Given: a = g/8; tension in the string = T.

Equation of motion of m₁:

→ m₁a = T – m₁g

Or, m₁ (9/8) g = T

Or, m₁ = 8T/9g.

Equation of motion of m₂:

→ m₂a = m₂g – T

Or, m₂ (7/8) g = T

Or, m₂ = 8T/7g.

Therefore, m₂/m₁ = 9/7.

The ratio of the masses is 9 : 7.

2. When forces F₁, F₂, F₃ are acting on a particle of mass m such that F₂ and F₂ are mutually perpendicular, then the particle remains stationary. If the force F₁ is now removed then the acceleration of the particle is: (AIEEE 2002)

(A) F₁/m

(B) F₂ F₃/m F₁

(C) F₂/m

(D) (F₂ – F₃)/m

Sol: (A)

Resultant of forces F₂ and F₃ is equal to force F₁ [since the particle remains at rest].

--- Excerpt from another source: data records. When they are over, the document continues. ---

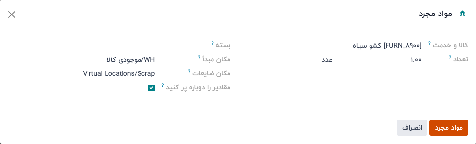 چکباکس مقادیر را دوباره پر کنید را فعال کنید اگر میخواهید یک سفارش برداشت برای جایگزینی جزء (های) اسقاط شده پس از تایید سفارش ضایعات ایجاد شود. این گزینه باید فقط برای انبارهایی که تولید دو مرحلهای یا سه مرحلهای فعال دارند، فعال شود، زیرا در فرآیند تولید یک مرحلهای، اجزاء به صورت دستی برداشت نمیشوند.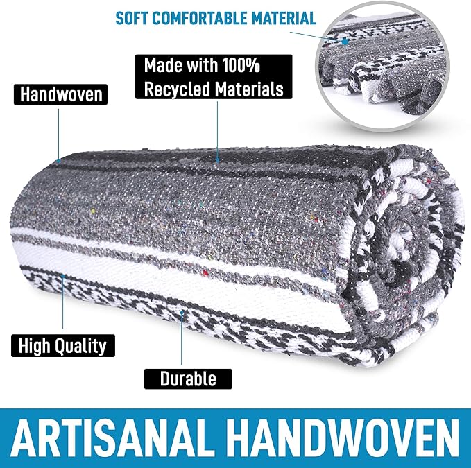Authentic Extra Large Mexican Blanket - 70"x50" Handwoven Yoga, Serape, Artisanal Falsa, Beach, Camping, Picnic, Outdoor Blanket (Oxford)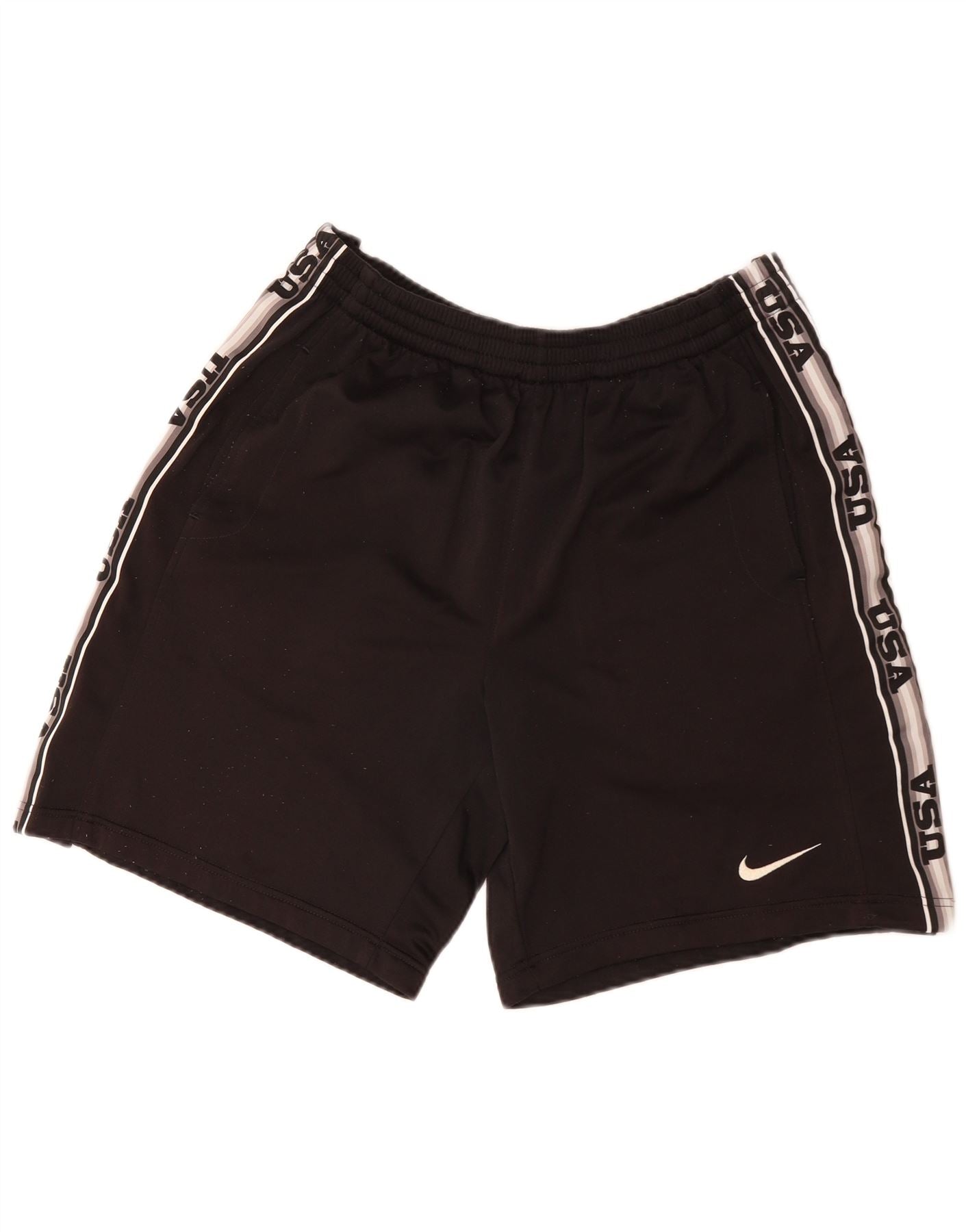 - AI Description: This Nike mens sports shorts are crafted from smooth black polyester jersey. They feature an athletic regular fit with an elasticated pull-on waist. Side stripes with USA text and a Nike logo add distinctive branding. Practical pockets enhance functionality. The design offers comfort and style for active wear.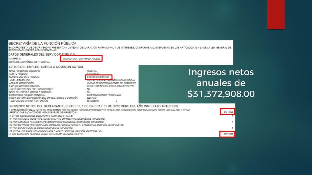 Otro ejemplo, dijo, es Amada, quien está vinculada a otro integrante de su familia, y que en su declaración patrimonial 2022 refiere ingresos por más de 31 millones de pesos. “Tuvo un ingreso mensual de más de 3 millones; al año, 31 millones”, dijo.
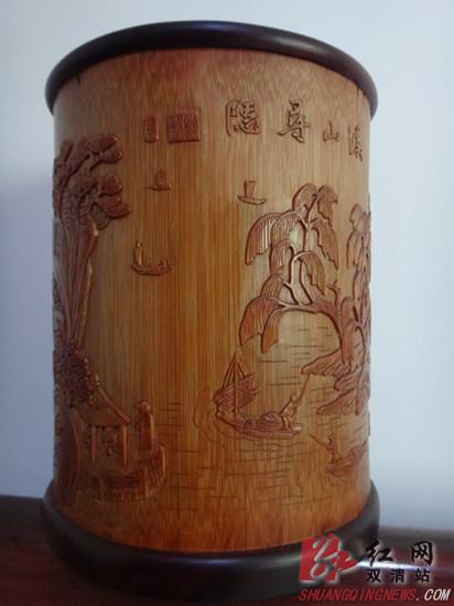 唐朝林创作的荣获铜奖的作品竹青浮雕山水人物笔筒《溪山寻隐》。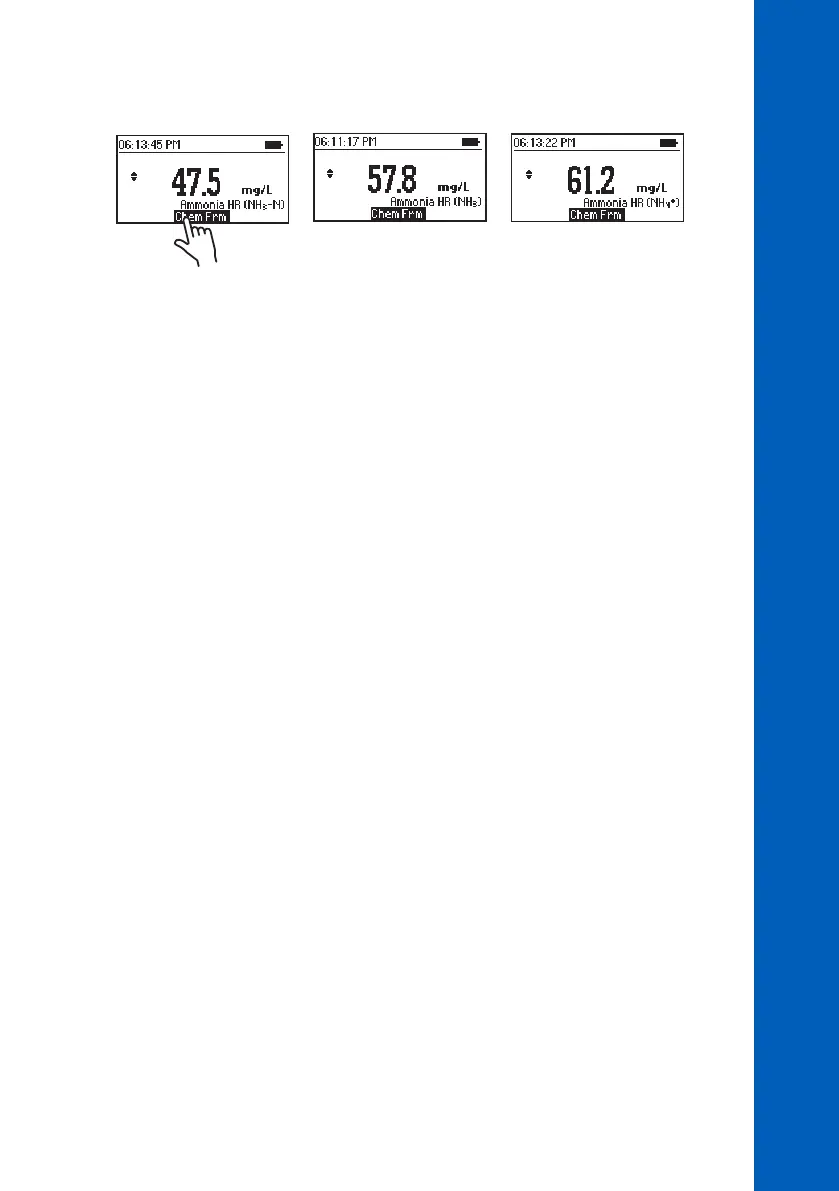 • Press Chem Frm to convert the result to mg/L of ammonia (NH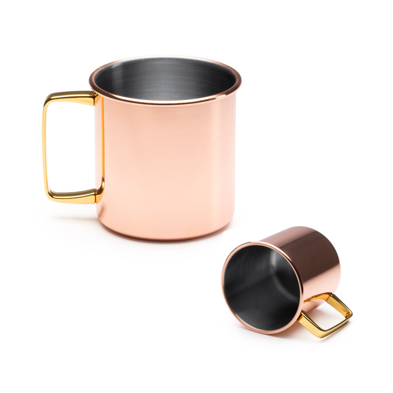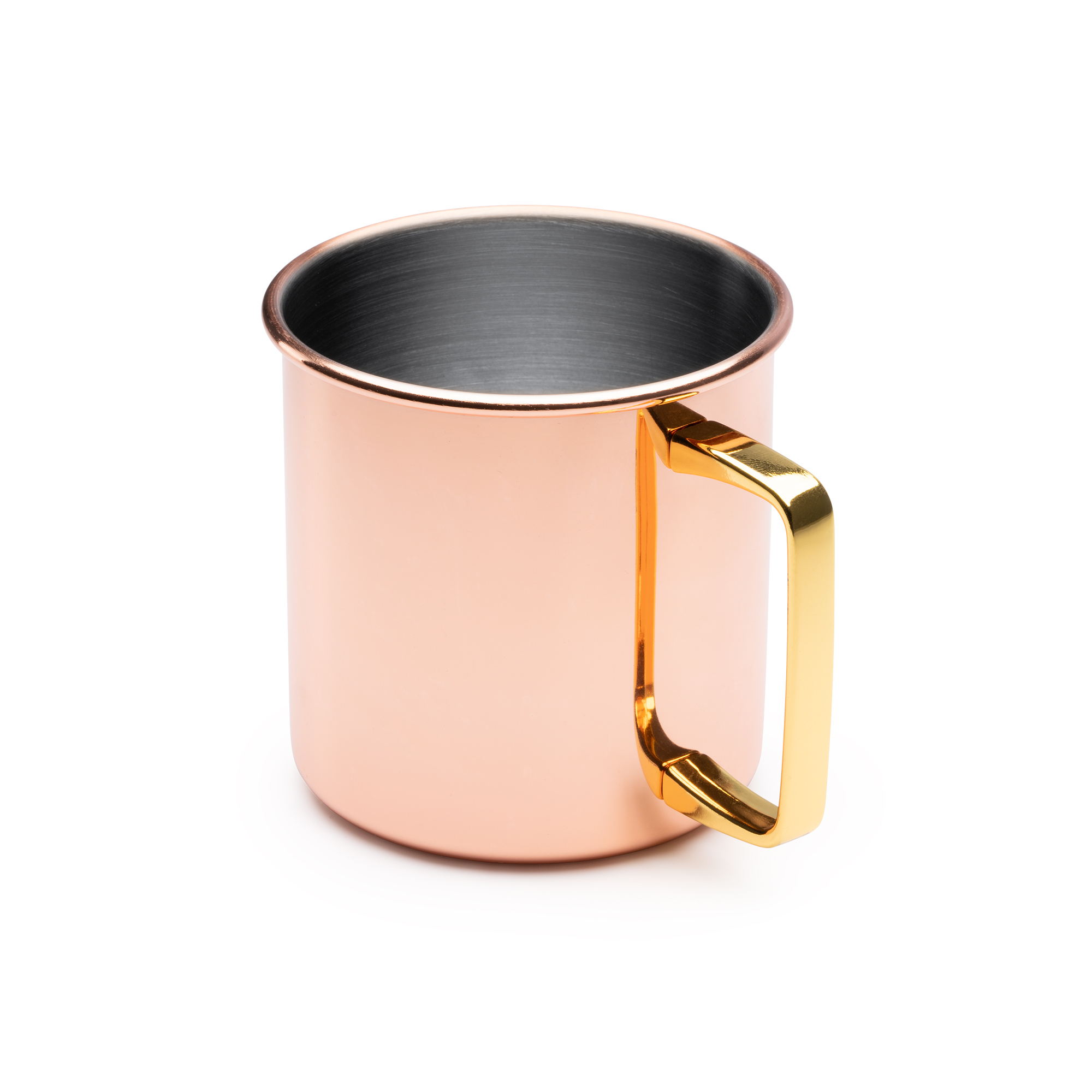 Tazza in acciaio inossidabile da 480ml con rivestimento esterno in rame e manico dorato. Il rivestimento esterno in rame contribuisce a mantenere più a lungo la temperatura delle bevande. Dimensioni: cm 9x9Ø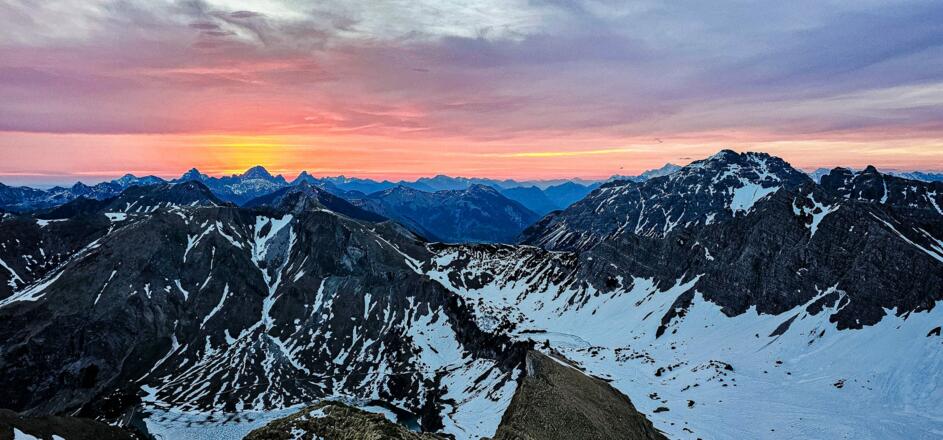 Noch vor dem Fühstück starten wir um zum Sonnenaufgang auf der Steinkarspitze und Rote Spitze zu sein. Pünktlich zum Frühstück waren wir wieder auf der Hütte. Weiter führt uns unser Weg vorbei an der Schochenspitze, die wegen Steinschlag gespert war, durch die Gappenfeldscharte und Strindenscharte. Die Sulzspitze lassen wir links liegen. Zügig erreichen wir nun den Neunerkopf. Nach einer Einkehr in der Gundhütte fahren wir mit der Bahn ins Tal zurück.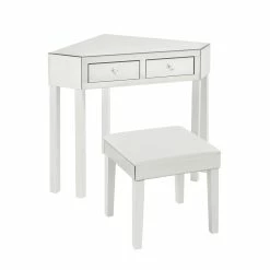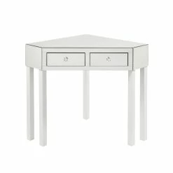 • ELEGANT DESIGN – Our trendy corner vanity set adds Hollywood glamorous glow to any room. The mirrored finish will catch the light beautifully and create a sparkly look in your bedroom, living room, makeup room.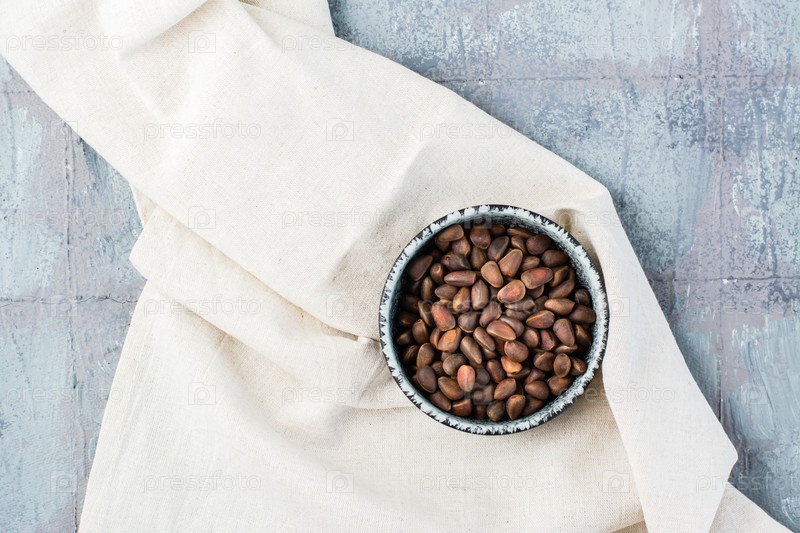Кедровые орехи в миске на скатерти на столе. Вегетарианская пища. Оздоровление, детоксикация и витаминное питание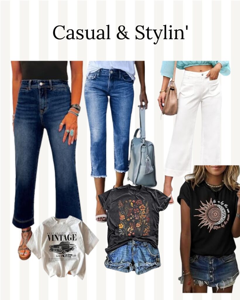 Cropped jeans paired with a fun graphic tee and sneakers is perfect for casual days. You can add a denim jacket or a lightweight shacket if you need an extra layer.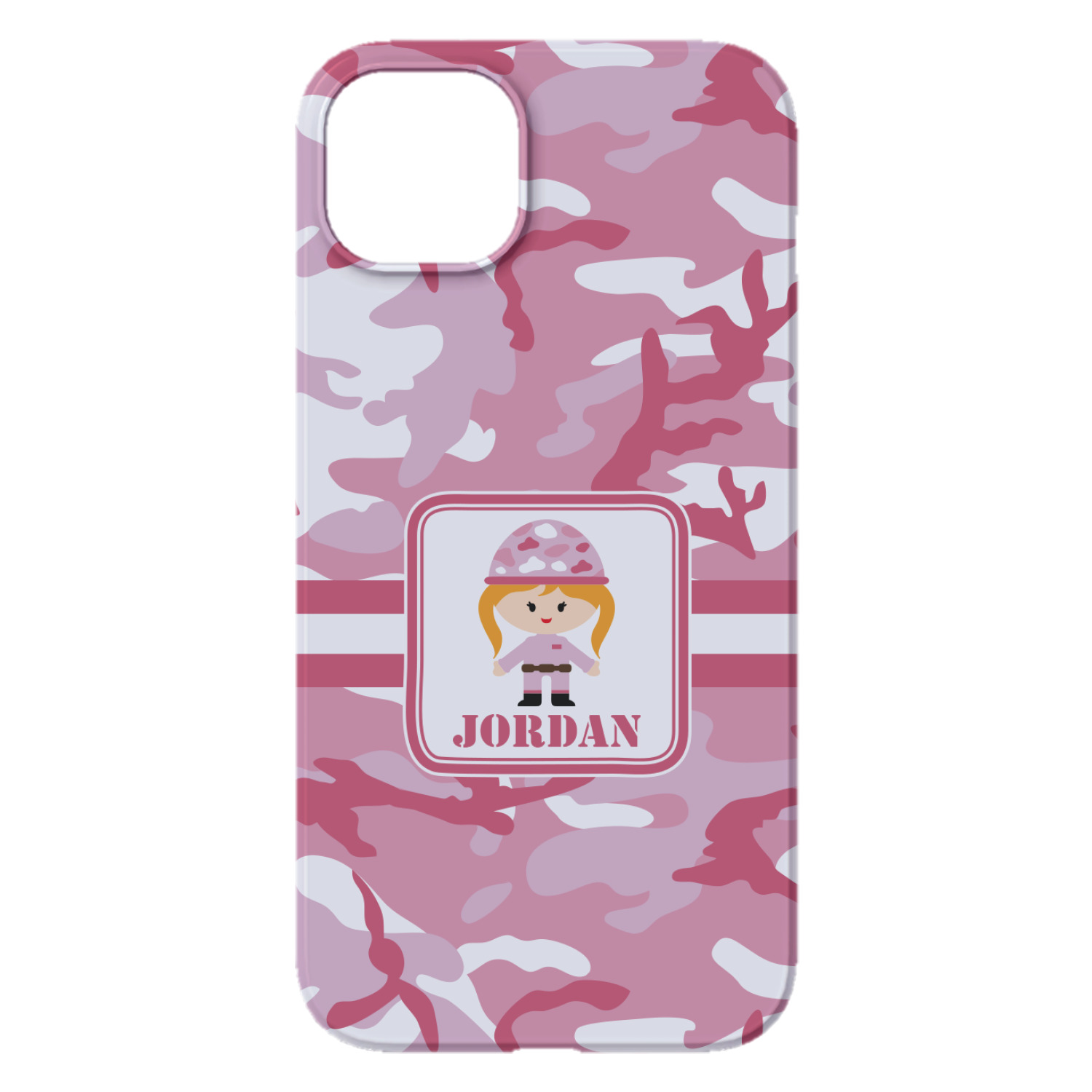 We have featured our little army girl, wearing her pink camo helmet, in the middle of the design in a pink and white square. A wide white band trimmed in pink tie everything together.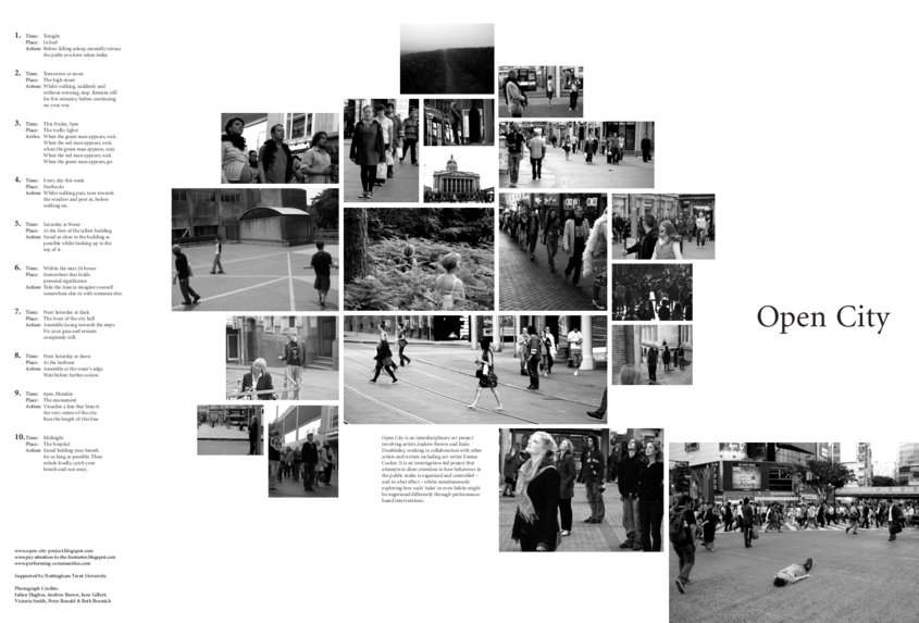 Open City’s projects often involve inviting, instructing or working with different individuals to create participatory performances in the public realm, discrete art works that put into question or destabilize habitual patterns and conventions of public behaviour. In 2007, I was invited by Open City to produce a piece of writing in response to their work for a series of publicly distributed postcards, and have since worked more collaboratively with the project on a phase of research investigating how the different temporalities within the public realm might be harnessed or activated creatively; how movement and mobility affect the way in which place and locality are encountered or understood.

So, if we remove F₁, then force acting on the particle is the resultant of forces F₂ and F₃ (= F₁).

Therefore, acceleration = F₁/m.

3. Three identical blocks of masses m = 2 kg are drawn by are drawn by a force F = 10.2 N with an acceleration of 0.6 m/s² on a frictionless surface, then what is the tension (in N) in the string between the blocks B and C? (AIEEE 2002)

(A) 7.8

(B) 9.2

(C) 4

(D) 9.8

Sol: (A)

Given: F = 10.2 N; a = 0.6 m/s²; m = 2 kg each.

Let T_AB = the tension in the string between the blocks A and B; T_Bc = the tension in the string between the blocks B and C.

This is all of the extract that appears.